Give the listing again word for word. Skip the pictures.

INFORMATION SHOWN:
───
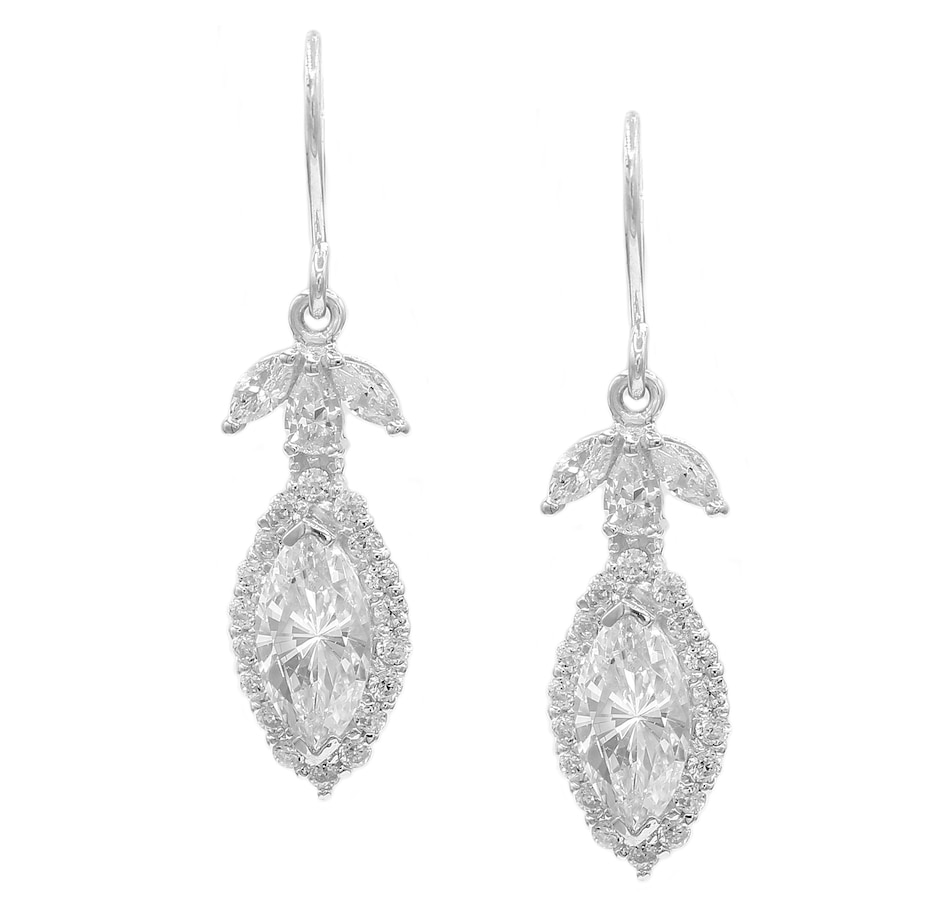 • (2) 10 x 5mm, (4) 4 x 2mm marquise shape, (2) 4 x 2.5mm pear shape, (36) 1.50mm round shape, prong set & faceted Diamonelle; Looks like 3.12 av.ctw of real diamonds
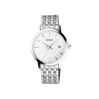 其精緻簡約的錶盤也是一大賣點,純色系的素面錶盤,外圈有亮銀丁字時間、3點鐘方向有日期時間功能,亮銀的細長指針更是點綴其中,再配上圓潤的錶框設計與貼手設計的多節雙色薄型錶帶,造型優雅的經典SEIKO錶款,絕對是您最佳的選擇!
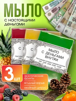 Мыло ручной работы твердое с деньгами внутри набор 3 шт
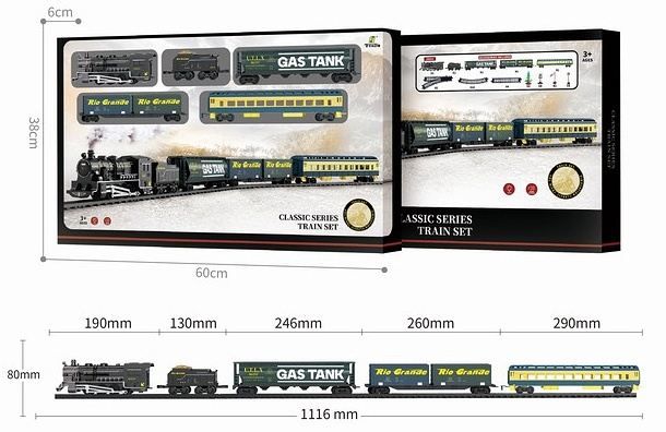 Set železnice - Parní lokomotiva s vagóny a příslušenstvím
───
THE ANSWER:
 • (2) 10 x 5mm, (4) 4 x 2mm marquise shape, (2) 4 x 2.5mm pear shape, (36) 1.50mm round shape, prong set & faceted Diamonelle; Looks like 3.12 av.ctw of real diamonds
 其精緻簡約的錶盤也是一大賣點,純色系的素面錶盤,外圈有亮銀丁字時間、3點鐘方向有日期時間功能,亮銀的細長指針更是點綴其中,再配上圓潤的錶框設計與貼手設計的多節雙色薄型錶帶,造型優雅的經典SEIKO錶款,絕對是您最佳的選擇!
 Мыло ручной работы твердое с деньгами внутри набор 3 шт
 Set železnice - Parní lokomotiva s vagóny a příslušenstvím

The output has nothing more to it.